The $50,000 Millionaire
ICO’s or token sales are booming. (Call them what you like-it won’t sway regulators.) This speculative bubble has been building steam all year and the smart money is getting ready for the SEC. The SAFT agreement, an open-source legal document to ensure compliance with securities laws for token pre-sales, is due out shortly.
Token pre-sales stand on the proverbial slippery slope and can easily tumble into the muddied current of the Howey test. Most token sales (read more on ICO’s vs. token sales) can avoid regulation as securities under the Howey test if the tokens themselves are exchangeable for a service (and not just as an investment vehicle and store of value). The idea is “Hey SEC, I’m not selling securities, I’m selling access to my awesome new service (that should be live in 18 months).”
A token pre-sale is when a start-up wants to sell tokens before they have the token infrastructure in place. The sale is on the promise of a future distribution of tokens. This cuts too close to a security for many, though pre-selling services is common in other industries (think healthcare). Instead of cutting out all U.S. investors subject to the Howey test (as has been done), enter the SAFT agreement.
Developed by CoinList, the SAFT agreement generally limits investment in token pre-sales to accredited investors.
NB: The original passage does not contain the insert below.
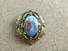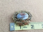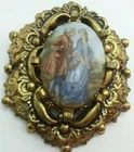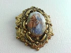 This vintage Victorian courting couple oval brooch is a stunning piece of jewelry that will surely catch anyone's attention. The intricate design features a beautiful couple in a courting pose, with a stunning oval shape that adds to its elegance. The brooch is signed and made of high-quality materials, including porcelain and metal of unknown type. Measuring at 2 inches in length, this brooch is the perfect size to wear on a lapel or blouse. Its multicolor design adds a touch of vintage charm, making it a great addition to any jewelry collection. Made in the United States, this brooch is a true fashion statement that will never go out of style.

In simplistic terms, an accredited investor has an annual income over $200k or net assets of at least $1 million. The idea is that these high-net worth individuals are sophisticated enough to evaluate risky investments and/or wealthy enough to sustain the loss of their investment.
The interesting wrinkle here is that most token sales accept cryptos for payment (basically Bitcoin and Ethereum). As the values of these cryptos have gone stratospheric since January, it means that in June 2017, a person who bought about $30k in Ethereum in January 2017 was a millionaire. Today the number is closer to $50k, but you get the idea.